/KD

Primary LanguageJupyter Notebook

KD

This repo covers the implementation of the following paper:

"Data Tells the Truth: A Knowledge Distillation Method for Genomic Survival Analysis by Handling Censoring"

Project home page: https://datatellstruth.github.io/.

Requeirements

Python 3.7.11

Pytorch 1.13.1

numpy 1.21.2

scikit-learn 1.0

tqdm 4.62.4

python setup.py install

Data preparation

All data used in our work are publicly available.
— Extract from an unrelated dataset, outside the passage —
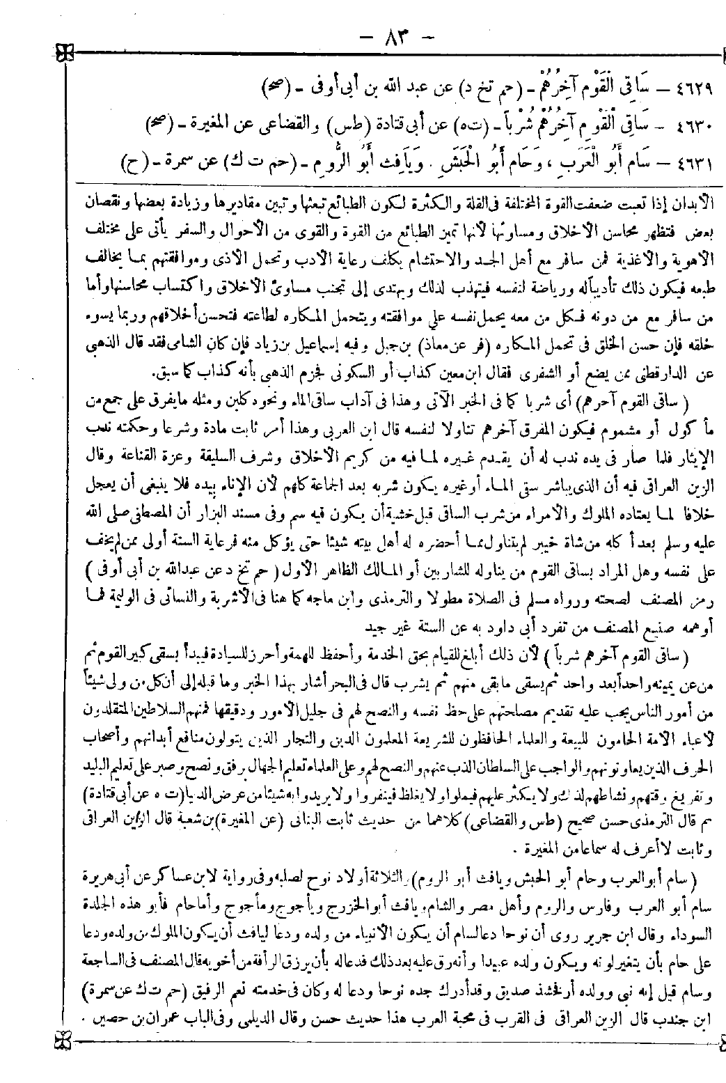 4630 - (ساقي القوم آخرهم شربا) لان ذلك أبلغ للقيام بحق الخدمة وأحفظ للهمة وأحرز للسيادة فيبدأ بسقي كبير القوم ثم من عن يمينه واحدا بعد واحد ثم يسقي ما بقي منهم ثم يشرب قال في البحر: أشار بهذا الخبر وما قبله إلى أن كل من ولي شيئا من أمور الناس يجب عليه تقديم مصلحتهم على حظ نفسه والنصح لهم في جليل الأمور ودقيقها فمنهم السلاطين المتقلدون لأعباء الأمة الحامون للبيعة والعلماء الحافظون للشريعة المعلمون الدين والتجار الذين يتولون منافع أبدانهم وأصحاب الحرف الذين يعاونونهم والواجب على السلطان الذب عنهم والنصح لهم وعلى العلماء تعليم الجهال برفق ونصح وصبر على تعليم البليد وتفريغ وقتهم ونشاطهم لذلك ولا يكثر عليهم فيملوا ولا يغلظ فينفروا ولا يريدوا به شيئا من عرض الدنيا

You can download the TCGA data from :https://www.synapse.org/#!Synapse:syn4976369.2. Here, we provide processed files in data/raw_data. Data files required for running can be obtained through processing. For instance, you can process data/raw_data/Oncogene_5.txt to obtain the {cancer_type}_gene5.csv. We provide samples in data/sample_data. The folder stucture as follow:

```
data
  |————gene
  |       └——————ACC.csv
  |       └——————ACC_Clean.csv
  |       └——————PAAD.csv
  |       └——————PAAD_Clean.csv
  |       └——————...
  |————location
  |       └——————ACC_gene5.csv
  |       └——————HNSC_gene5.csv
  |       └——————PAAD_gene5.csv
  |       └——————LUAD_gene5.csv
  |       └——————...
  ```

Usage

Path to the data used for running should save in args.csv_folder as csv files, you can use the other data formats to match the dataset in your machine or re-write the Cancer and Cancer_fold class in the dataset.py.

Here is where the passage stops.